WHAT IS NEEDED
The entries below contain a line with "ابتکار ، چهارشنبه ۱۰ ارديبهشت" and a line with "MINI EXCAVATOR, 13.5". Retype exactly everything from the first down to the second, both included, and nothing else.

** Opening DATA TO USE block **

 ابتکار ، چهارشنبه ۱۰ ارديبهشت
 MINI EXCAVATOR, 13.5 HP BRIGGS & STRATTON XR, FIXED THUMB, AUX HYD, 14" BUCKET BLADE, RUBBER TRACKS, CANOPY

** Closing DATA TO USE block **
** Opening DATA TO USE block **

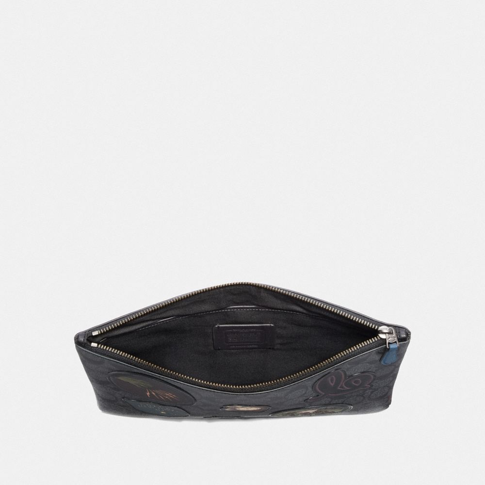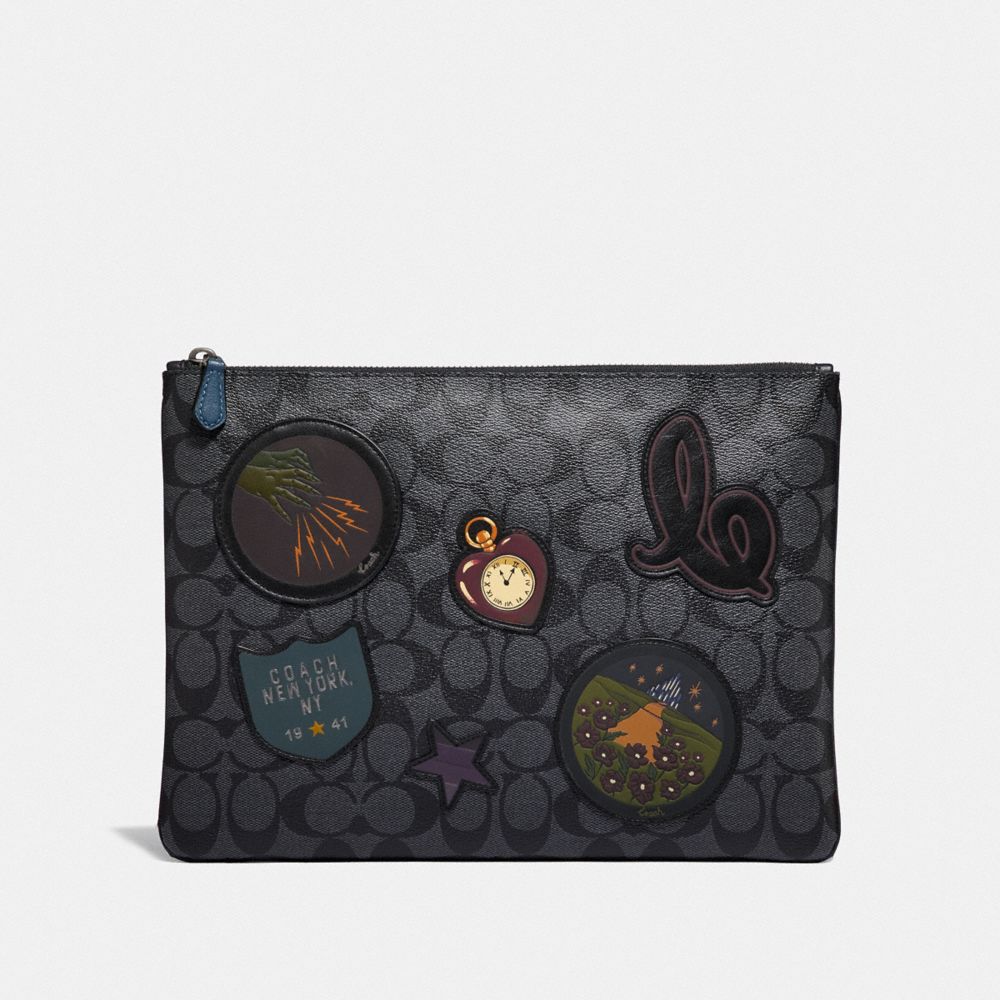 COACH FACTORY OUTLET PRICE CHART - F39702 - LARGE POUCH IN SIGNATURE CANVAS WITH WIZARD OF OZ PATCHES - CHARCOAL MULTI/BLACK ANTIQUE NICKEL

** Closing DATA TO USE block **

WRITTEN RESPONSE
 ابتکار ، چهارشنبه ۱۰ ارديبهشت
 MINI EXCAVATOR, 13.5 HP BRIGGS & STRATTON XR, FIXED THUMB, AUX HYD, 14" BUCKET BLADE, RUBBER TRACKS, CANOPY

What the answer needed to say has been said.